Michael Heldmann, CIO Equity, commente: «Si les valorisations américaines sont élevées, en particulier parmi les mégacapitalisations technologiques, certaines opportunités persistent, soutenues par un rebond des dépenses d'investissement dans le secteur manufacturier. En revanche, les actions japonaises et britanniques restent sous-évaluées selon nos indicateurs, malgré des gains modestes, tandis que l'Europe bénéficie de mesures de relance budgétaire et d'initiatives d'autonomie stratégique. En Asie, le développement de l'IA en Chine et l'expansion de l'économie numérique en Inde offrent des perspectives de croissance intéressantes. Au niveau sectoriel, les sciences de la vie rebondissent, les perspectives à long terme des effets transformateurs de l'IA restent solides et les services publics devraient bénéficier de la hausse de la demande énergétique.»

Obligations

Jenny Zeng, CIO Fixed Income, remarque: «Compte tenu de la divergence entre les marchés obligataires mondiaux, nous privilégions une approche active de la gestion de la duration. Sur les marchés clés tels que les États-Unis, nous préférons les obligations d'État à court terme, car nous anticipons une accentuation de la courbe des taux américains. Au Canada, les titres qui aplatissent la courbe des taux sont intéressants, car l'assouplissement monétaire touche à sa fin. La dette souveraine des marchés émergents, en particulier celle du Brésil, du Pérou et de l'Afrique du Sud, offre des rendements réels intéressants. En matière de crédit investment grade, nous privilégions les segments les plus seniors de la structure du capital, en préférant les valeurs financières et les services aux industries cycliques. Les obligations high yield nécessitent une approche sélective et diversifiée, avec des opportunités dans les entreprises des marchés émergents et les obligations high yield asiatiques».

Multi-Asset

Gregor MA Hirt, CIO Multi Asset, déclare: «Nous sommes optimistes à l'égard des actifs risqués malgré la récente volatilité des marchés.

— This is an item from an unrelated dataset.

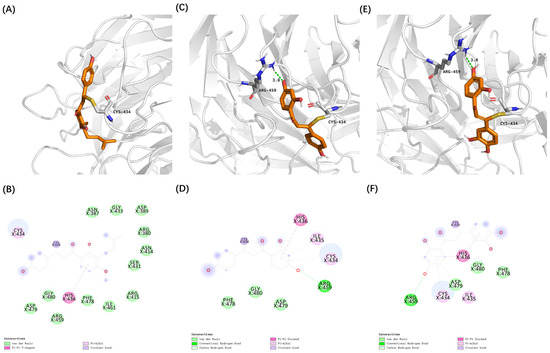 Covalent docking poses of cytoprotective electrophilic compounds and Cys434 of Keap1. (A,B) 4HD. (C,D) ISO. (E,F) butein.

Les actions sont notre classe d'actifs préférée, soutenues par des bénéfices résilients tirés par l'IA. En matière obligataire, nous sommes très optimistes sur les steepeners et modérément positifs sur la duration. Les obligations des marchés émergents restent une conviction fondamentale en raison de leur rendement attractif et de leur résilience, et complètent les crédits de haute qualité de nos portefeuilles. L'or reste une conviction à long terme, soutenu par la demande des banques centrales, tandis que les perspectives du cuivre ont été revues à la hausse en raison de la demande croissante et de l'offre limitée.»